To validate the performance of the proposed lightweight HCTIUNet in super resolution tasks, this paper selects current mainstream super-resolution reconstruction methods for comparison, such as RCAN [3], SCTANet [4], and SISN [13]. Additionally, lightweight super-resolution models such as VDSR [5], RFDN [16], XLSR [17], and MSFSR [21] were selected for comparative experiments on facial super-resolution. The experiments compared the performance of these methods on three benchmark datasets at an 8× magnification factor, with the results shown in Table 1. As shown in Table 1, the proposed HCTIUNet achieved competitive performance across multiple datasets. On the FFHQ dataset, HCTIUNet achieved a PSNR score of 27.55 dB, outperforming most comparison methods and falling slightly short of the currently leading SCTANet model. On the Helen dataset, HCTIUNet achieved the best result on the SSIM metric, indicating its outstanding performance in restoring fine-grained structural details. Further analysis reveals that compared to traditional reconstruction models (such as VDSR and RFDN), HCTIUNet demonstrates significant improvements in both PSNR and SSIM metrics while maintaining a low LPIPS value, suggesting that it not only enhances reconstruction accuracy but also offers advantages in perceptual quality. It should be noted that HCTIUNet does not obtain the best score on every dataset or metric. For example, SCTANet achieves higher PSNR values on FFHQ and CelebA, and RCAN obtains a slightly lower LPIPS value on CelebA. Therefore, the advantage of HCTIUNet should be interpreted from the perspective of the trade-off between reconstruction quality and computational efficiency rather than from a single quality metric.

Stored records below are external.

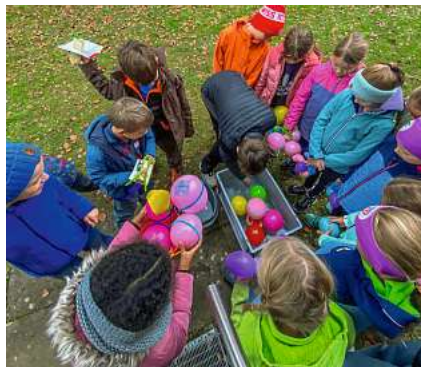
Gruppenstunde – kunterbunter Spass.
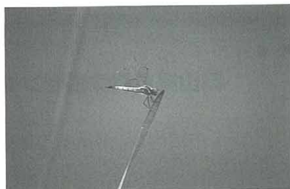
写真1. コフキトンボ
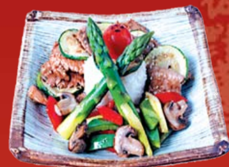
Бутанику Мисояки 640.- свинина, обжаренная с цуккини, шампиньонами, сладким перцем, в соусе Мисояки
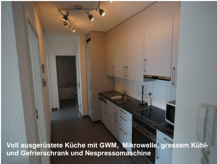
Voll ausgerüstete Küche mit GWM, Mikrowelle, grossem Kühl- und Gefrierschrank und Nespressomaschine
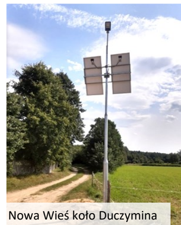
Nowa Wieś koło Duczymina
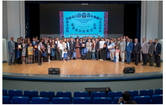
Bolu Abant İzzet Baysal Üniversitesini derece ile bitiren mezunların ödüllendirildiği törenin ardından yansıyan fotoğraf karesi.
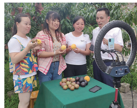
▲老师(右1)现场指导农产品直播带货。

本报讯(株洲晚报融媒体中心记者/黎世伟 通讯员/彭新平 刘嘉仪)7月3日,炎陵县下村乡云里村果园,农产品直播带货特训营学员们正在直播带货。学员们从枝头摘下新鲜的黄桃,边品尝边向镜头前推介。
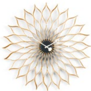
Sunflower Clock, bouleau, Ø 750

The visual comparison results in Figure 8 further validate the effectiveness of the proposed method. Some lightweight models (such as XLSR, MSFSR, and RFDN) generally exhibit noticeable blurring in their reconstruction results, with severe loss of detail, particularly in key facial regions (such as the edges of the eyes, mouth, and ears), making it difficult to recover clear structural information. While traditional methods (such as VDSR and RCAN) can restore relatively clear contours to some extent, they still suffer from insufficient texture detail or excessive smoothing in local regions. In contrast, the proposed HCTIUNet produces clearer and more natural reconstruction results visually. Specifically, in the eye region, HCTIUNet effectively restores the edge structure and fine textures of the eyes, resulting in clearer contours; in the mouth region, the reconstruction results are richer in detail while maintaining good structural consistency; in the facial contour and skin tone transition areas, the images generated by HCTIUNet are smoother and more natural, visually closer to real high-resolution images; and from the magnified visual effect of the local facial area shown in Figure 9, HCTIUNet produces clearer and more structurally consistent facial details than several comparison methods. In the eye region, the proposed method better preserves the eyelid boundary and eyebrow structure, whereas some lightweight methods generate blurred edges. In the nose region, HCTIUNet reconstructs a more coherent contour and avoids the structural distortion observed in some comparison results. In the mouth region, the proposed method better maintains lip shape and local texture continuity. In addition, along the facial contour, HCTIUNet produces a sharper and more natural boundary with fewer over-smoothed artifacts. These observations indicate that the proposed method is effective in preserving both local textures and global facial structures.

Furthermore, as shown in Table 2, HCTIUNet contains 10.5 M parameters and requires 9.9 G FLOPs, with an inference time of 0.021 s. Figure 10 presents the visual comparison results on the FFHQ dataset. It should be noted that HCTIUNet is not the most lightweight model in terms of parameter size or FLOPs. For example, RFDN and XLSR have much lower parameter counts and computational costs. Therefore, the efficiency advantage of HCTIUNet should not be interpreted as having the lowest model complexity among all compared methods.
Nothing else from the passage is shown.